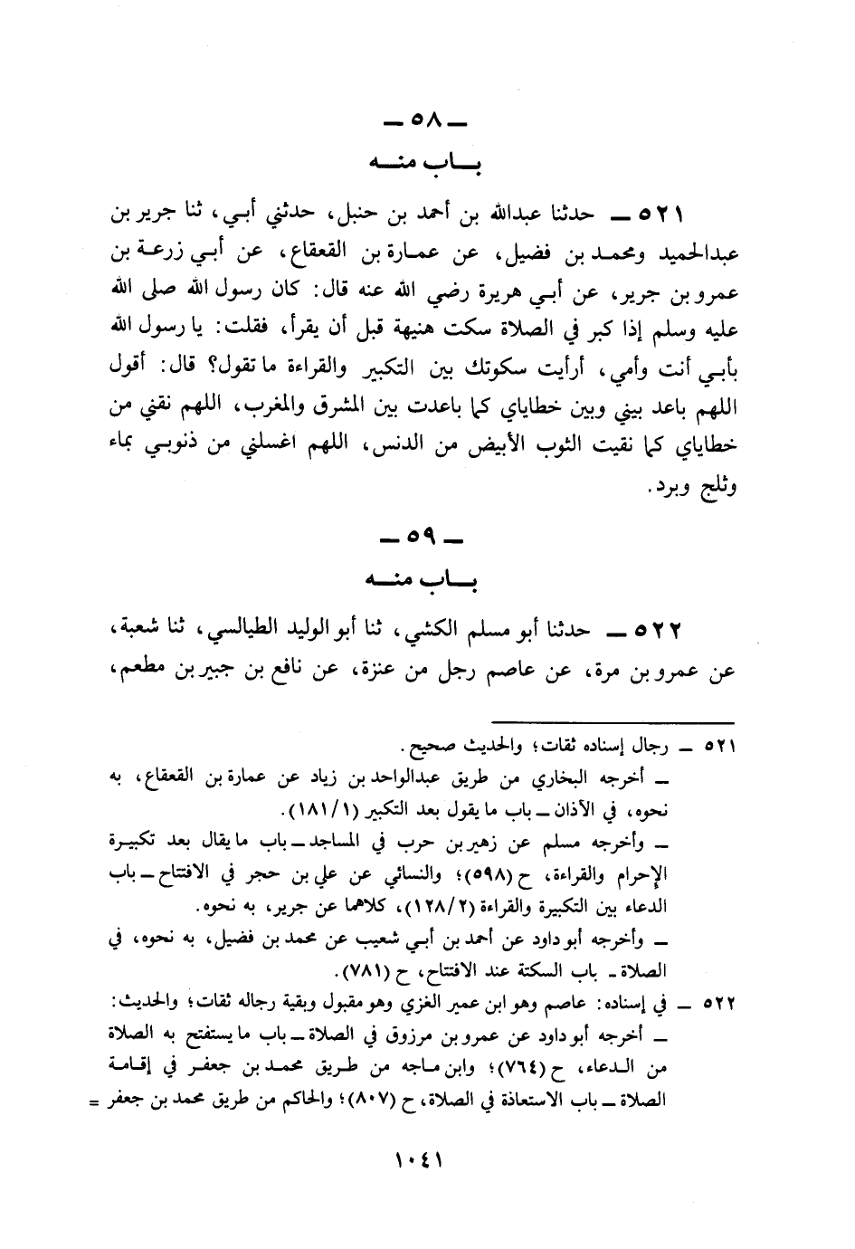 521- حَدَّثَنَا عَبْدُ اللهِ بْنُ أَحْمَدَ بْنِ حَنْبَلٍ، حَدَّثَنِي أَبِي، حَدَّثَنَا جَرِيرُ بْنُ عَبْدِ الْحَمِيدِ، وَمُحَمَّدُ بْنُ فُضَيْلٍ، عَنْ عُمَارَةَ بْنِ الْقَعْقَاعِ، عَنْ أَبِي زُرْعَةَ بْنِ عَمْرِو بْنِ جَرِيرٍ، عَنْ أَبِي هُرَيْرَةَ، رَضِيَ اللَّهُ عَنْهُ قَالَ: كَانَ رَسُولُ اللهِ صَلى الله عَلَيه وَسَلم إِذَا كَبَّرَ فِي الصَّلاَةِ سَكَتَ هُنَيْهَةً قَبْلَ أَنْ يَقْرَأَ، فَقُلْتُ: يَا رَسُولَ اللهِ, بِأَبِي أَنْتَ وَأُمِّي, أَرَأَيْتَ سُكُوتَكَ بَيْنَ التَّكْبِيرِ وَالْقِرَاءَةِ, مَا تَقُولُ؟ قَالَ: أَقُولُ: اللَّهُمَّ بَاعِدْ بَيْنِي وَبَيْنَ خَطَايَايَ كَمَا بَاعَدْتَ بَيْنَ الْمَشْرِقِ وَالْمَغْرِبِ، اللَّهُمَّ نَقِّنِي مِنْ خَطَايَايَ كَمَا نَقَّيْتَ الثَّوْبَ الأَبْيَضَ مِنَ الدَّنَسِ، اللَّهُمَّ اغْسِلْنِي مِنْ ذُنُوبِي بِمَاءٍ وَثَلْجٍ وَبَرَدٍ.
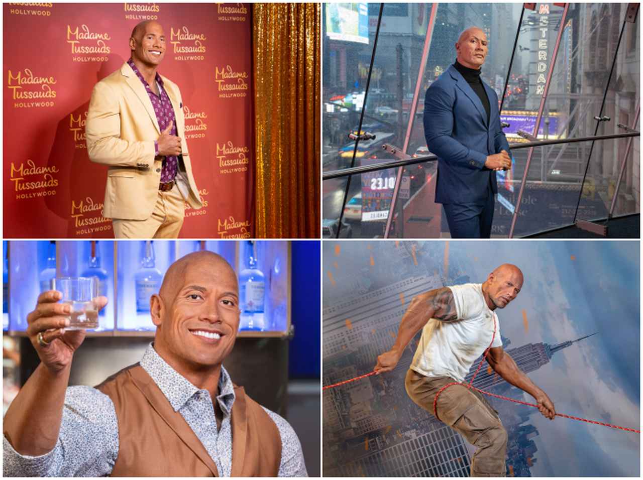 2022年より公開されたドウェイン・ジョンソンのろう人形。それぞれハリウッド(左上)、ニューヨーク(右上)、ラスベガス(左下)、オーランド(右下)のマダム・タッソーで展示されている。
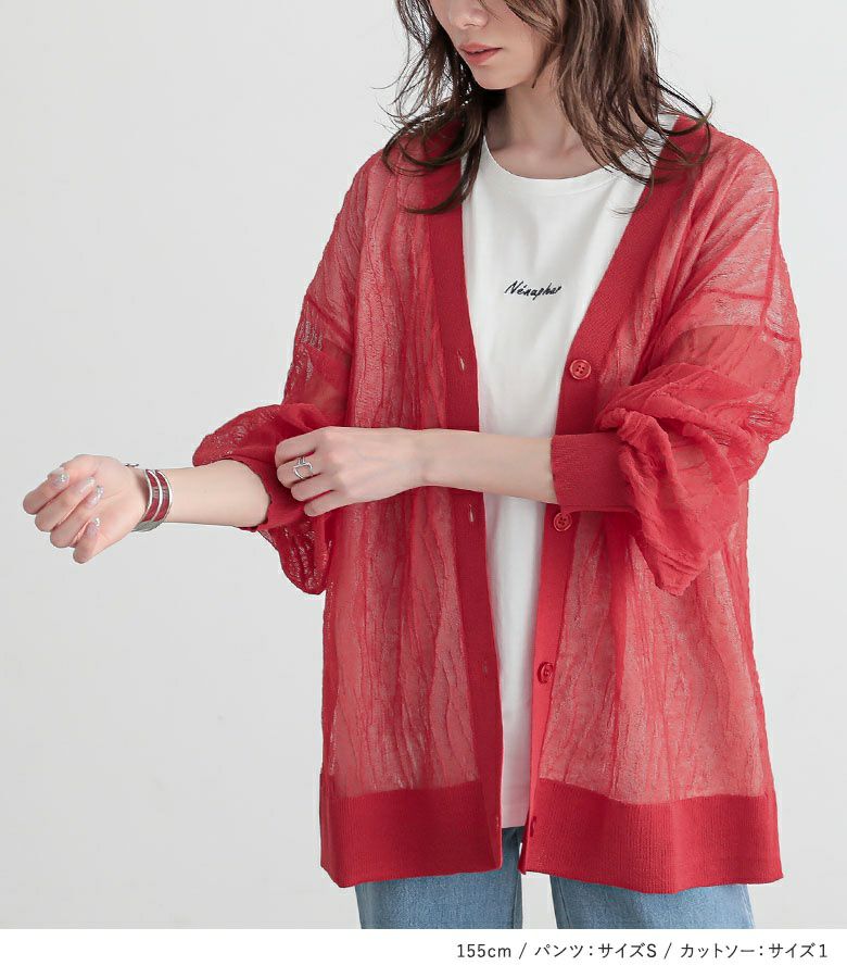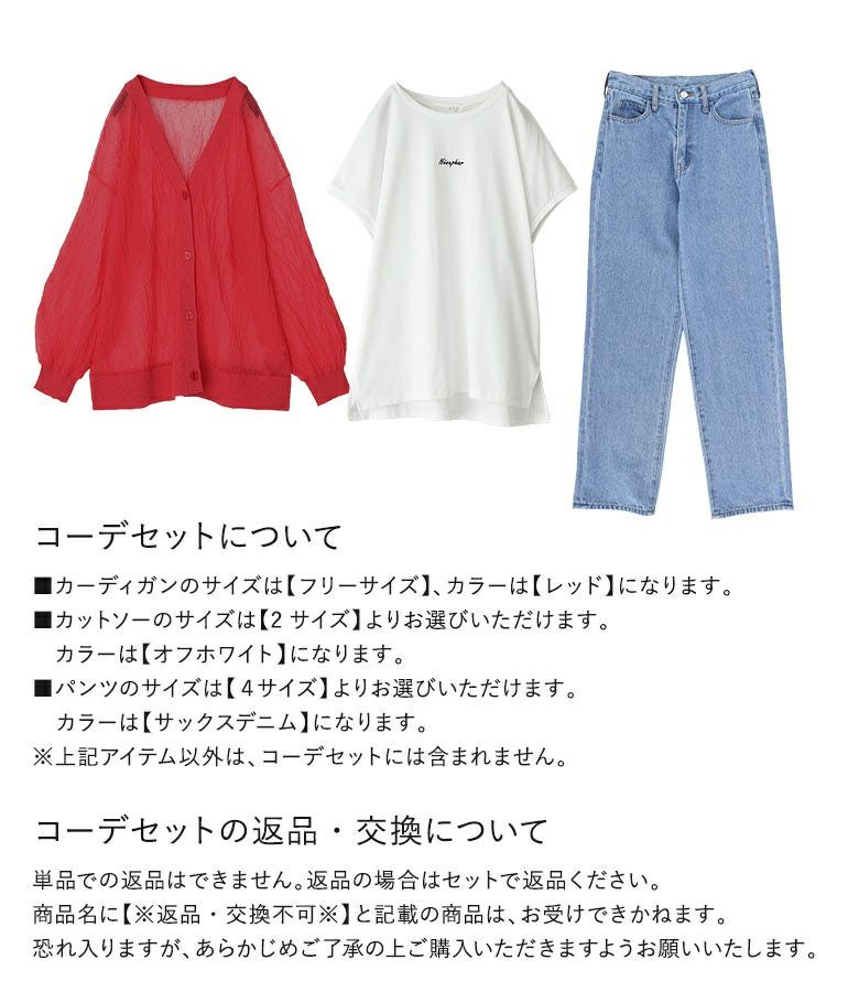 4. 【送料無料】『シアーカーディガン×冷感キープフレンチスリーブ刺繍カットソー×ストレートデニムパンツコーデ3点SET』【メール便不可】【35】

++++

YOUR INSTRUCTIONS: For this exercise, restate the material exactly and skip every picture.

TASK RESULT:
 521- حَدَّثَنَا عَبْدُ اللهِ بْنُ أَحْمَدَ بْنِ حَنْبَلٍ، حَدَّثَنِي أَبِي، حَدَّثَنَا جَرِيرُ بْنُ عَبْدِ الْحَمِيدِ، وَمُحَمَّدُ بْنُ فُضَيْلٍ، عَنْ عُمَارَةَ بْنِ الْقَعْقَاعِ، عَنْ أَبِي زُرْعَةَ بْنِ عَمْرِو بْنِ جَرِيرٍ، عَنْ أَبِي هُرَيْرَةَ، رَضِيَ اللَّهُ عَنْهُ قَالَ: كَانَ رَسُولُ اللهِ صَلى الله عَلَيه وَسَلم إِذَا كَبَّرَ فِي الصَّلاَةِ سَكَتَ هُنَيْهَةً قَبْلَ أَنْ يَقْرَأَ، فَقُلْتُ: يَا رَسُولَ اللهِ, بِأَبِي أَنْتَ وَأُمِّي, أَرَأَيْتَ سُكُوتَكَ بَيْنَ التَّكْبِيرِ وَالْقِرَاءَةِ, مَا تَقُولُ؟ قَالَ: أَقُولُ: اللَّهُمَّ بَاعِدْ بَيْنِي وَبَيْنَ خَطَايَايَ كَمَا بَاعَدْتَ بَيْنَ الْمَشْرِقِ وَالْمَغْرِبِ، اللَّهُمَّ نَقِّنِي مِنْ خَطَايَايَ كَمَا نَقَّيْتَ الثَّوْبَ الأَبْيَضَ مِنَ الدَّنَسِ، اللَّهُمَّ اغْسِلْنِي مِنْ ذُنُوبِي بِمَاءٍ وَثَلْجٍ وَبَرَدٍ.
 2022年より公開されたドウェイン・ジョンソンのろう人形。それぞれハリウッド(左上)、ニューヨーク(右上)、ラスベガス(左下)、オーランド(右下)のマダム・タッソーで展示されている。
 4. 【送料無料】『シアーカーディガン×冷感キープフレンチスリーブ刺繍カットソー×ストレートデニムパンツコーデ3点SET』【メール便不可】【35】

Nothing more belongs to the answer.